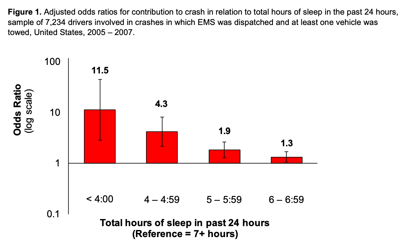 Note: for comparison, those with a blood alcohol content of 0.08 are 4X more likely to crash, whereas those with a BAC of 0.15 are at least 12X more likely to crash.
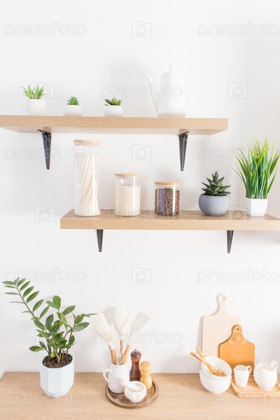Вид спереди на современные кухонные открытые полки с банками для хранения продуктов и комнатных растений в горшках. часть столешницы с кухонной утварью
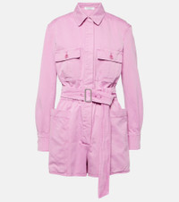 Product Details - Material: 100% cotton - Cuff: buttoned - Detachable belt - Care instructions: machine wash at 30 degrees - Made in Italy - Designer color name: Peonia - Collar: classic (Straight point) - Closure: concealed buttoned front - Pockets: flap pockets, patch pockets, buttoned pockets, back pocket - Item number: P00923511 Size & Fit - True to size - Dropped shoulders - Loose fit, elasticated waist - Non-stretchy fabric - Straight leg - High-waisted - DT = German size - The model seen in the picture is 178cm-5'10" and wearing a size DT 34
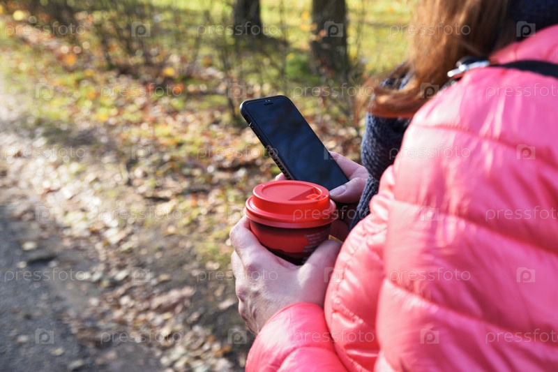Женщина гуляет по осеннему парку, смотрит в экран смартфона и пьет кофе
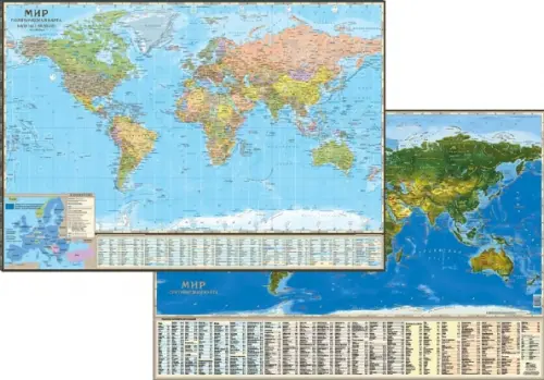 Двусторонняя настольная карта. Политический мир. Спутниковая карта мира
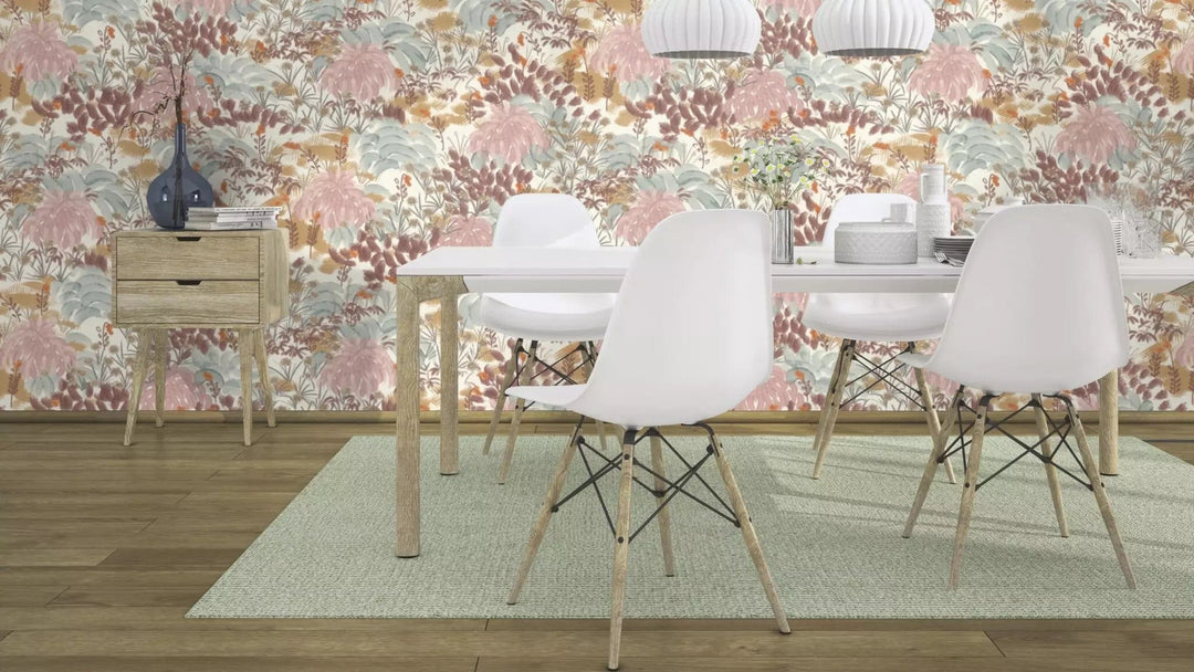 Ar šo neausto tapeti uz sienas uzplaukst burvīgs dārzs maigās un košās krāsās, pārvēršot jebkuru telpu pasaku pasaulē. Raksts izskatās kā aizraujoša skice, kas uzgleznota ar maigām akvareļkrāsām. Baltais fons ar smalku faktūru rada poētisku ainavu, kas apbur ar savu harmonisko skaistumu.
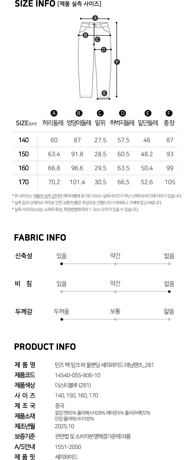 행텐틴즈 백 밍크 퍼 풀밴딩 세미와이드 데님팬츠_281(14540-055-806-10)
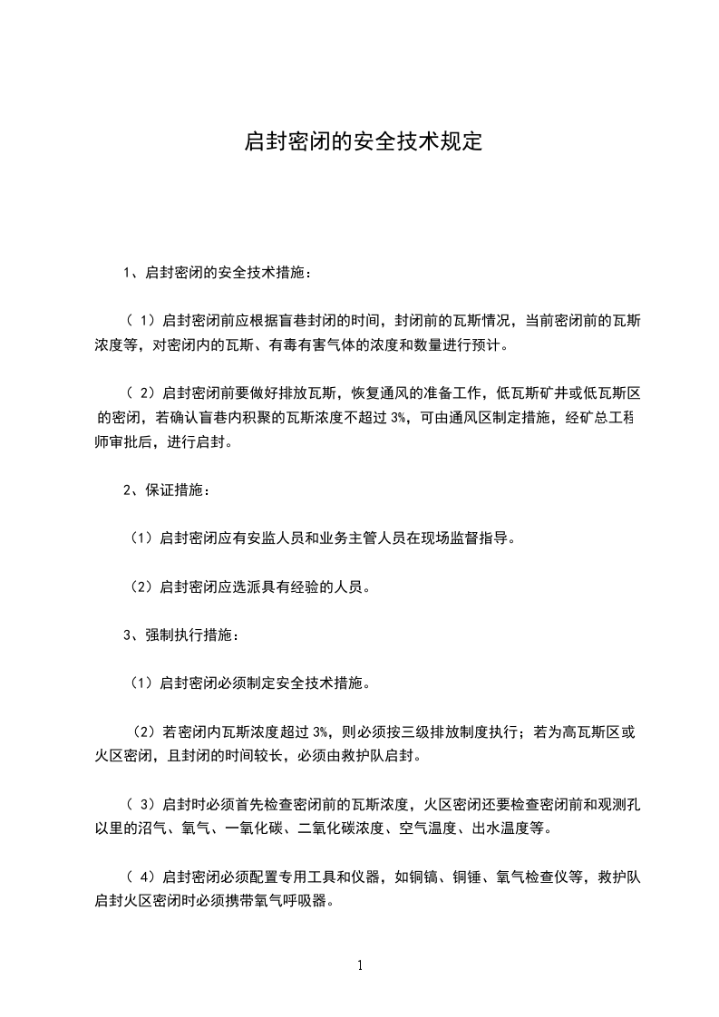 1、启封密闭的安全技术措施:
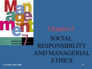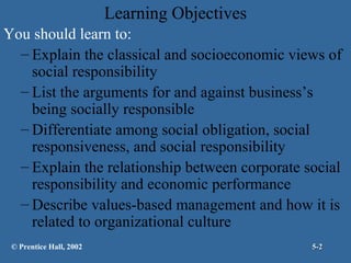 This document summarizes key concepts around social responsibility and managerial ethics. It discusses classical and socioeconomic views of social responsibility, as well as differences between social obligation, responsiveness, and responsibility. It also outlines factors that influence ethical behavior, like individual characteristics and organizational culture. Overall, the document provides an overview of perspectives on a company's role in society and improving ethical standards within organizations.

# AIM OF THE TASK:
The answer must be the part of the records that opens with the line containing "Вид спереди на" and closes with the line containing "Двусторонняя настольная карта.", reproduced exactly, with no pictures.

# ANSWER SECTION:
Вид спереди на современные кухонные открытые полки с банками для хранения продуктов и комнатных растений в горшках. часть столешницы с кухонной утварью
 Product Details - Material: 100% cotton - Cuff: buttoned - Detachable belt - Care instructions: machine wash at 30 degrees - Made in Italy - Designer color name: Peonia - Collar: classic (Straight point) - Closure: concealed buttoned front - Pockets: flap pockets, patch pockets, buttoned pockets, back pocket - Item number: P00923511 Size & Fit - True to size - Dropped shoulders - Loose fit, elasticated waist - Non-stretchy fabric - Straight leg - High-waisted - DT = German size - The model seen in the picture is 178cm-5'10" and wearing a size DT 34
Женщина гуляет по осеннему парку, смотрит в экран смартфона и пьет кофе
 Двусторонняя настольная карта. Политический мир. Спутниковая карта мира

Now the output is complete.